Problem description: Omit the images and return the remaining entries unchanged.

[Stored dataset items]
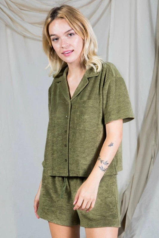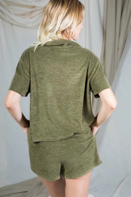 Short Sleeve Terry Collar Shirt Top
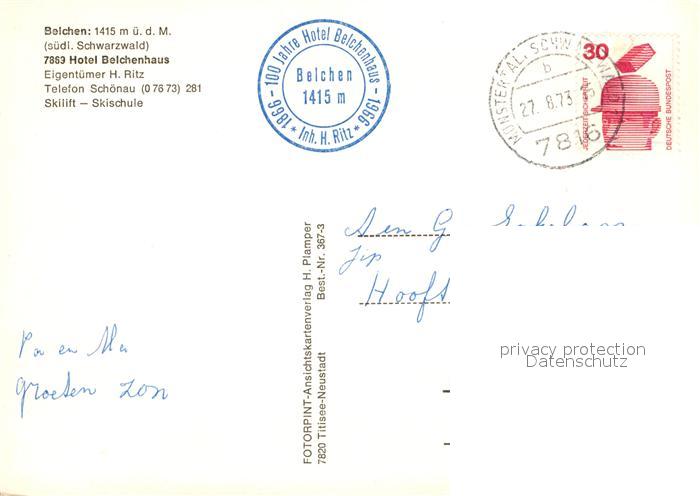 73311872 alte Postkarte Belchen Baden Panorama Restaurant Hotel Belchenhaus postalisch gelaufen Erhaltung siehe scans [KathaD81] KatCode: 11110008336060
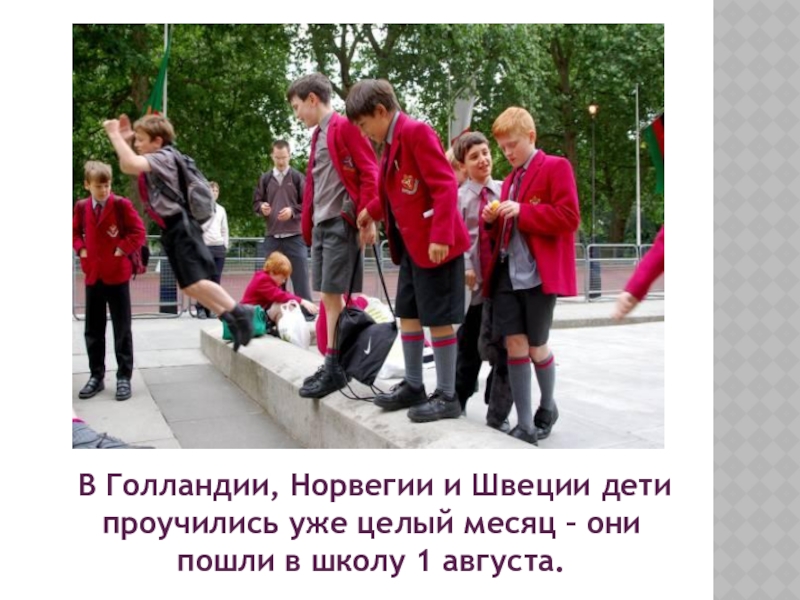 Слайд 6 В Голландии, Норвегии и Швеции дети проучились уже целый месяц
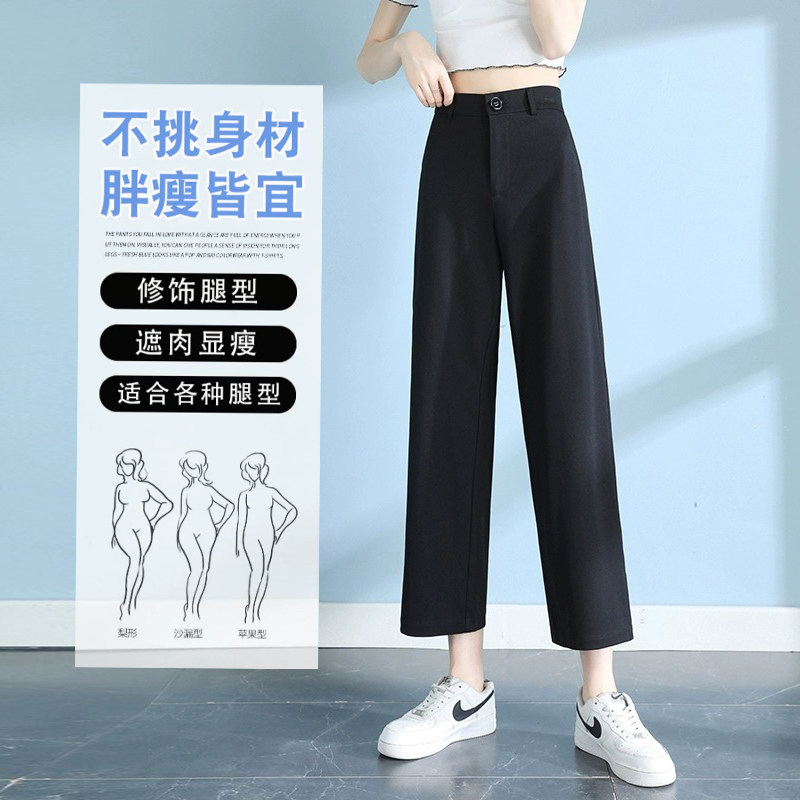 窄版阔腿裤女小个子八分2026新款高腰垂感西装裤九分直筒黑色裤子
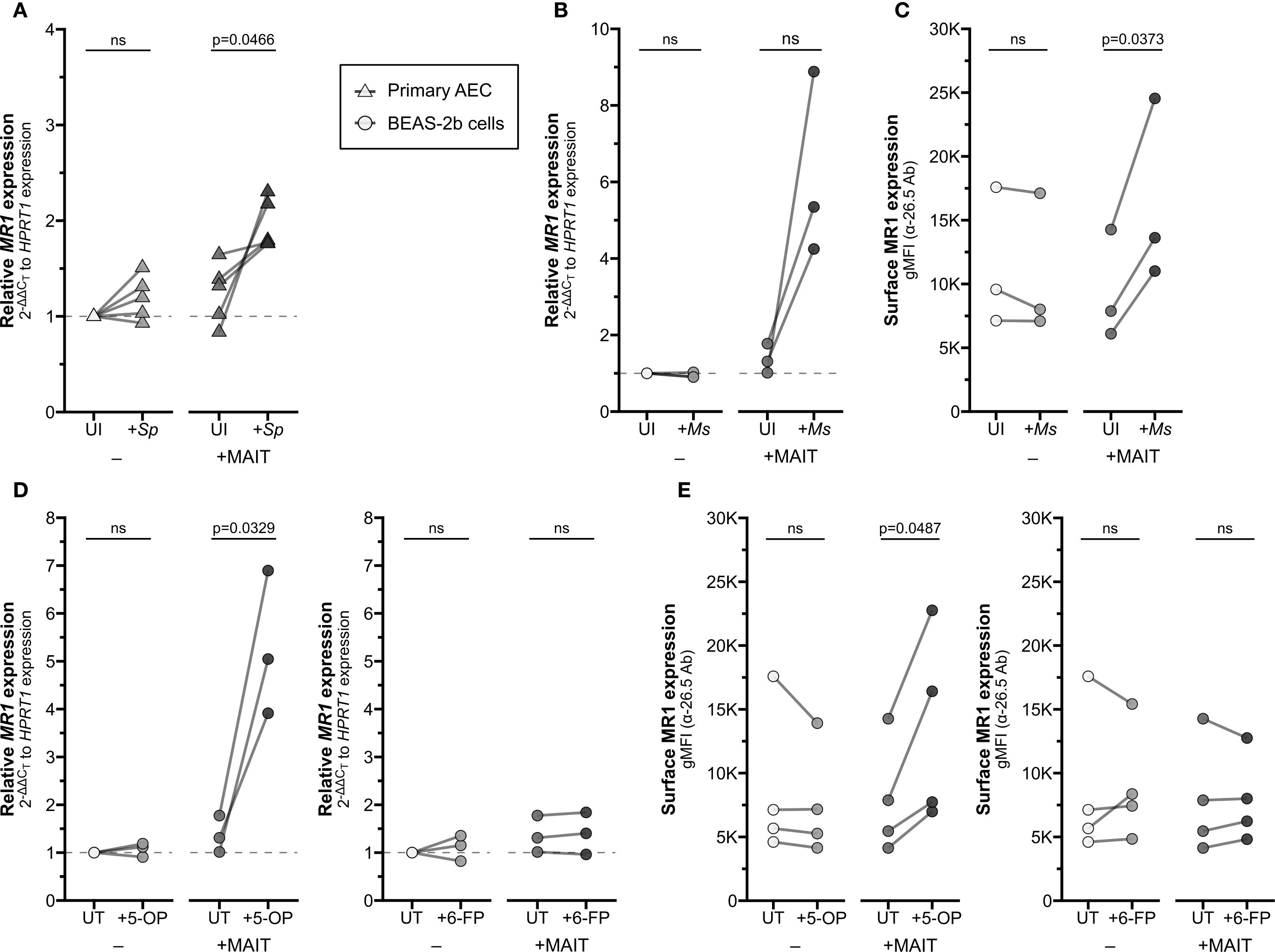 Figure 1. Increased MR1 expression following MAIT cell activation. (A) RT-qPCR of RNA isolated from primary human AECs (n=5) infected with S. pneumoniae (Sp) for one hour and incubated overnight with MAIT cell clone. MR1 expression was calculated relative to HPRT1 expression and uninfected no-MAIT (UI-) controls, paired by individual donor. MR1 (B) mRNA and (C) surface expression of BEAS-2B cells infected with M. smegmatis (Ms) for one hour and incubated overnight with MAIT cell clone. (B) RT-qPCR of MR1 expression was calculated relative to HPRT1 expression and UI- control, paired by experimental replicate. (C) Geometric mean fluorescence intensity (gMFI) of surface MR1 stained with α-MR1 26.5 Ab, paired by experimental replicate. MR1 (D) mRNA and (E) surface expression of BEAS-2B cells treated with 5-OP-RU (left, “5−OP”) or 6-FP (right) for one hour and incubated overnight with MAIT cell clone. (D) RT-qPCR of MR1 expression was calculated relative to HPRT1 expression and UT- control, paired by experimental replicate. (E) gMFI of surface MR1 stained with α-26.5 Ab, paired by experimental replicate. Pairwise statistical analyses are in Supplementary Table 1. Triangles represent data from primary AEC and circles represent data from BEAS-2B cells. The symbol 'ns' refers to comparisons with p-values < 0.05.

Completed exercise:
 Short Sleeve Terry Collar Shirt Top
 73311872 alte Postkarte Belchen Baden Panorama Restaurant Hotel Belchenhaus postalisch gelaufen Erhaltung siehe scans [KathaD81] KatCode: 11110008336060
 Слайд 6 В Голландии, Норвегии и Швеции дети проучились уже целый месяц
 窄版阔腿裤女小个子八分2026新款高腰垂感西装裤九分直筒黑色裤子
 Figure 1. Increased MR1 expression following MAIT cell activation. (A) RT-qPCR of RNA isolated from primary human AECs (n=5) infected with S. pneumoniae (Sp) for one hour and incubated overnight with MAIT cell clone. MR1 expression was calculated relative to HPRT1 expression and uninfected no-MAIT (UI-) controls, paired by individual donor. MR1 (B) mRNA and (C) surface expression of BEAS-2B cells infected with M. smegmatis (Ms) for one hour and incubated overnight with MAIT cell clone. (B) RT-qPCR of MR1 expression was calculated relative to HPRT1 expression and UI- control, paired by experimental replicate. (C) Geometric mean fluorescence intensity (gMFI) of surface MR1 stained with α-MR1 26.5 Ab, paired by experimental replicate. MR1 (D) mRNA and (E) surface expression of BEAS-2B cells treated with 5-OP-RU (left, “5−OP”) or 6-FP (right) for one hour and incubated overnight with MAIT cell clone. (D) RT-qPCR of MR1 expression was calculated relative to HPRT1 expression and UT- control, paired by experimental replicate. (E) gMFI of surface MR1 stained with α-26.5 Ab, paired by experimental replicate. Pairwise statistical analyses are in Supplementary Table 1. Triangles represent data from primary AEC and circles represent data from BEAS-2B cells. The symbol 'ns' refers to comparisons with p-values < 0.05.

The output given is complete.